Directions:
Begin with the line below holding "Software testing is" and go on through the line holding "10月3日,学院举办了《桌游", duplicating each line exactly and leaving out pictures.
** Opening Task data block **
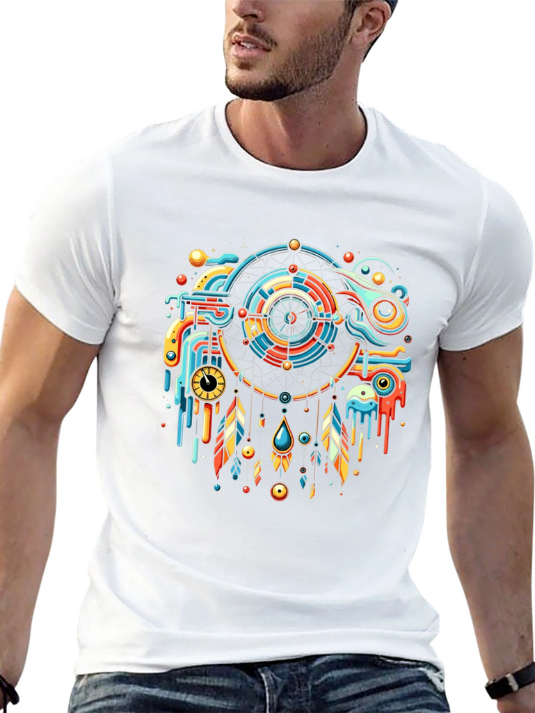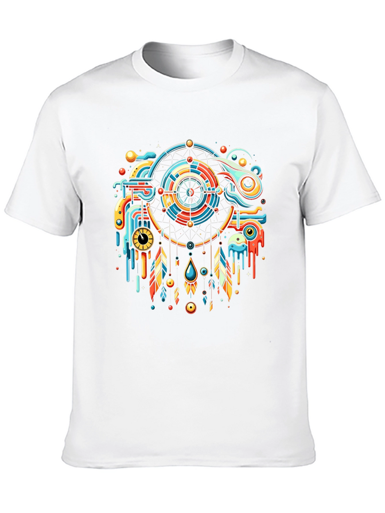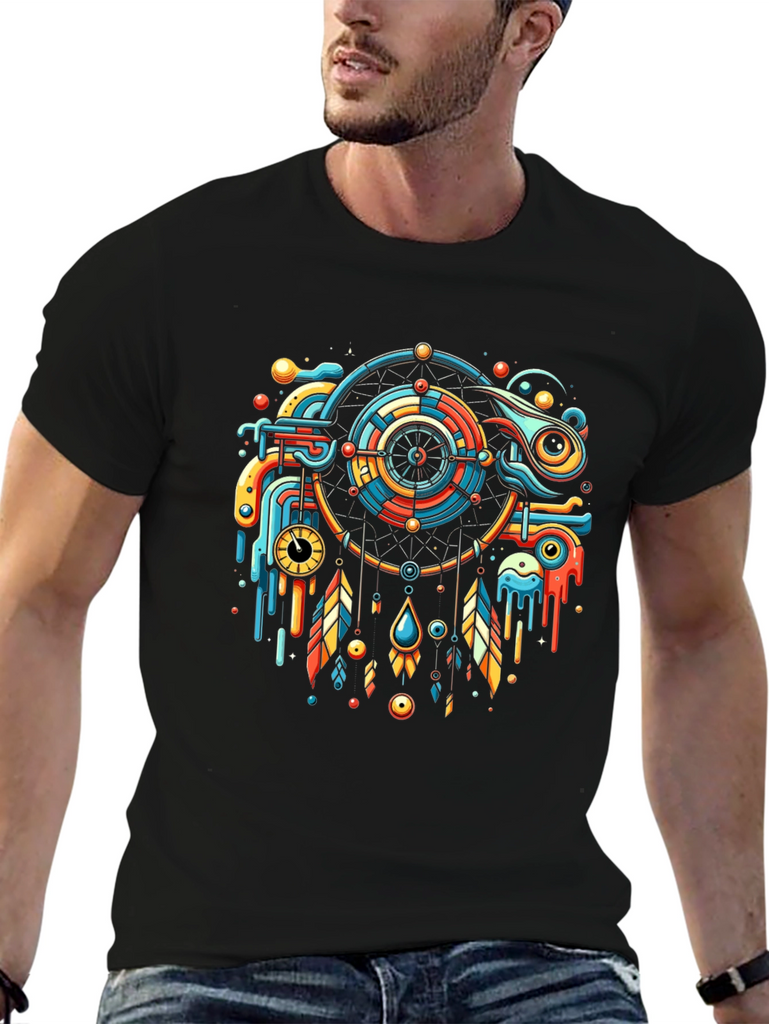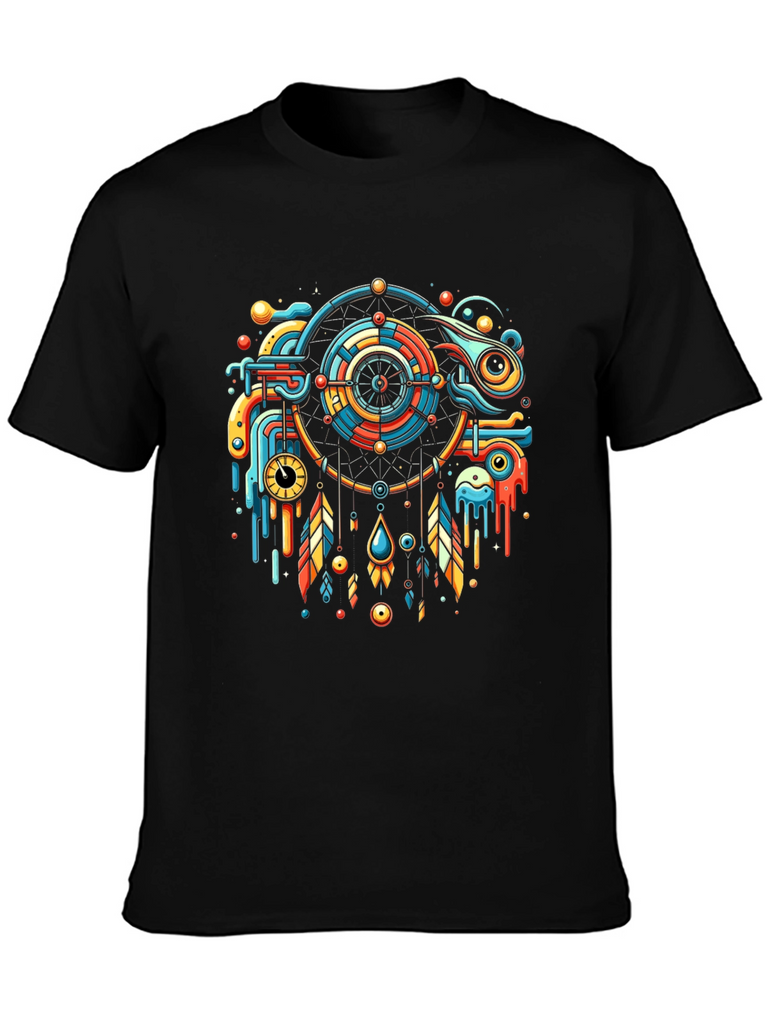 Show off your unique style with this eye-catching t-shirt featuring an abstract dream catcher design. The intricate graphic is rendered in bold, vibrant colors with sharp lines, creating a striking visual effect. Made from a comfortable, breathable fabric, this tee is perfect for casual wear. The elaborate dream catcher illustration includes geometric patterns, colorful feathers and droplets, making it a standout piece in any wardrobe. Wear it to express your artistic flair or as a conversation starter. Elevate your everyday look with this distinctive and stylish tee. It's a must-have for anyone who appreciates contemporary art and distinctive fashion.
** Closing Task data block **
** Opening Task data block **
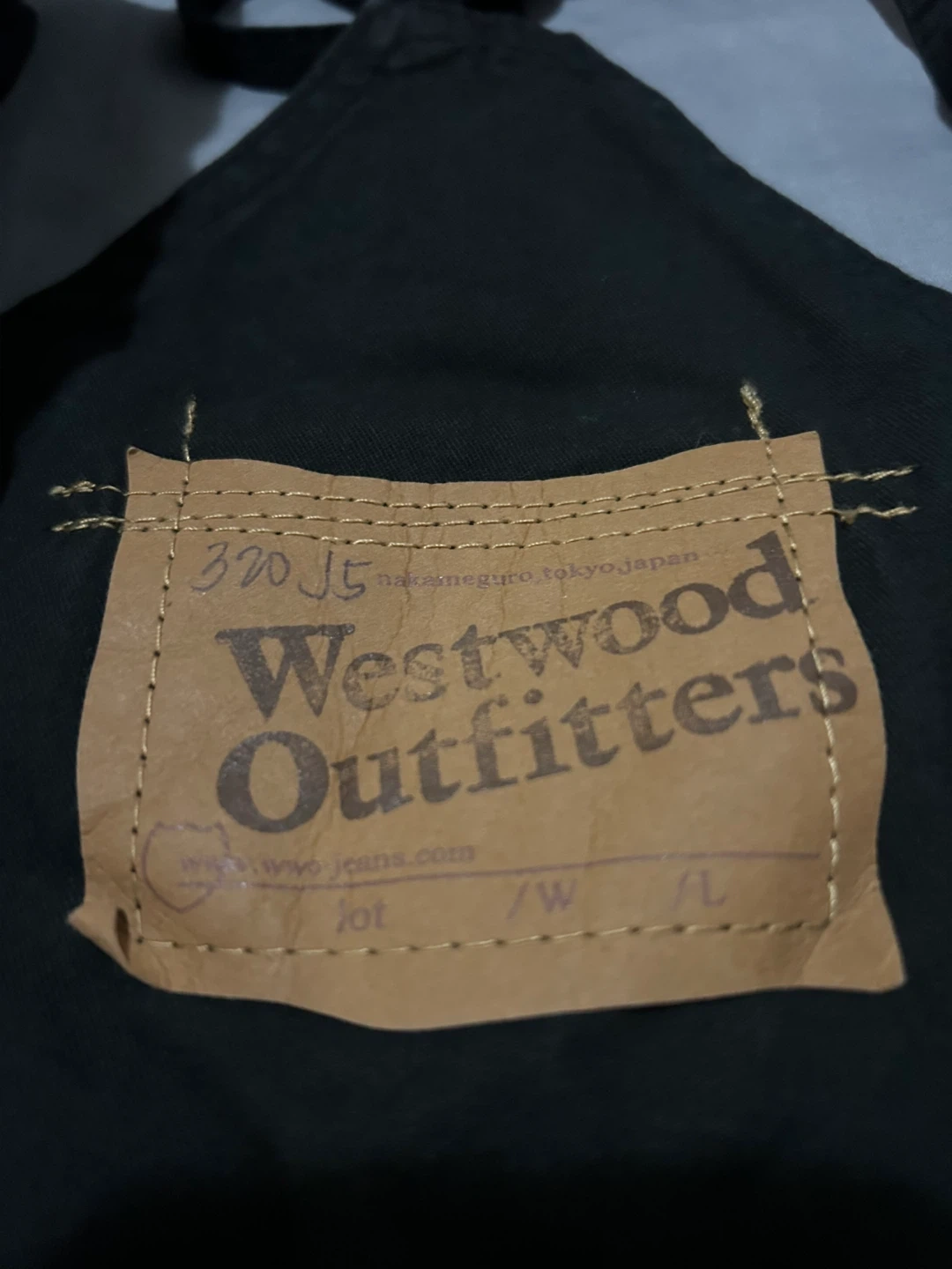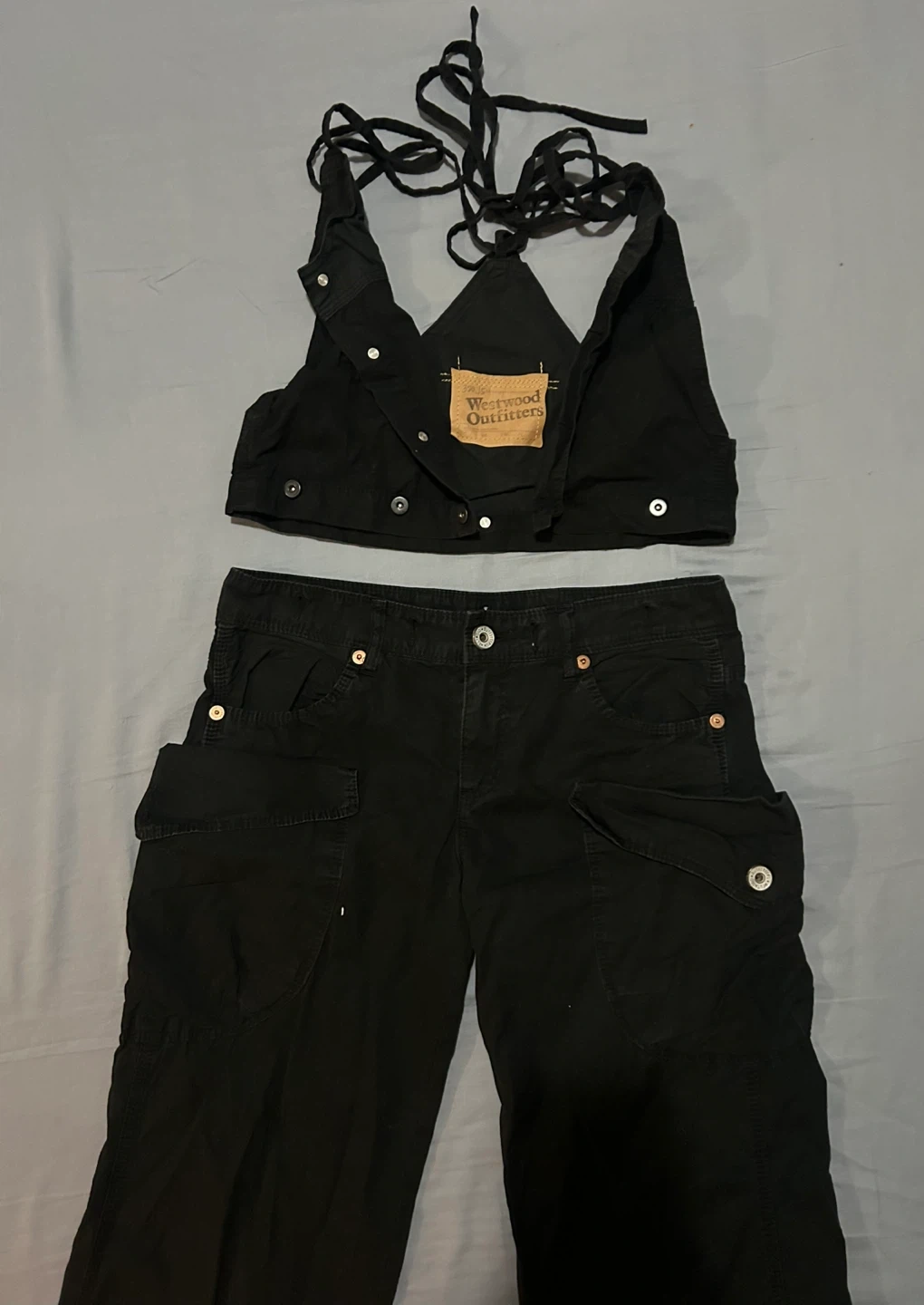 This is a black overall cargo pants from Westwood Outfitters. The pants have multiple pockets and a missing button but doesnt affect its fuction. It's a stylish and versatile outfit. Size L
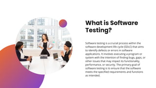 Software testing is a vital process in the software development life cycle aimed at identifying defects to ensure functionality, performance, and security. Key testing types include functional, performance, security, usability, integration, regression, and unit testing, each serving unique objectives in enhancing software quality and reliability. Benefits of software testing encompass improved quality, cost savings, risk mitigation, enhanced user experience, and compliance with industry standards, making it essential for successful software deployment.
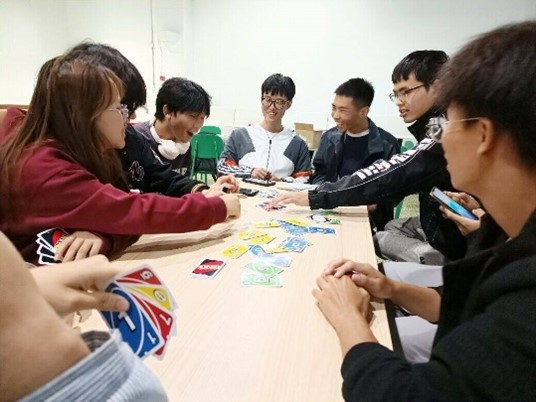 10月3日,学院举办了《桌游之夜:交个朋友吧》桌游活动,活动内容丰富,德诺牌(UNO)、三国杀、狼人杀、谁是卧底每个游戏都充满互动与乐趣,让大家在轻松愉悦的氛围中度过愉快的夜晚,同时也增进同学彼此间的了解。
** Closing Task data block **
Response to this task:
 Software testing is a vital process in the software development life cycle aimed at identifying defects to ensure functionality, performance, and security. Key testing types include functional, performance, security, usability, integration, regression, and unit testing, each serving unique objectives in enhancing software quality and reliability. Benefits of software testing encompass improved quality, cost savings, risk mitigation, enhanced user experience, and compliance with industry standards, making it essential for successful software deployment.
 10月3日,学院举办了《桌游之夜:交个朋友吧》桌游活动,活动内容丰富,德诺牌(UNO)、三国杀、狼人杀、谁是卧底每个游戏都充满互动与乐趣,让大家在轻松愉悦的氛围中度过愉快的夜晚,同时也增进同学彼此间的了解。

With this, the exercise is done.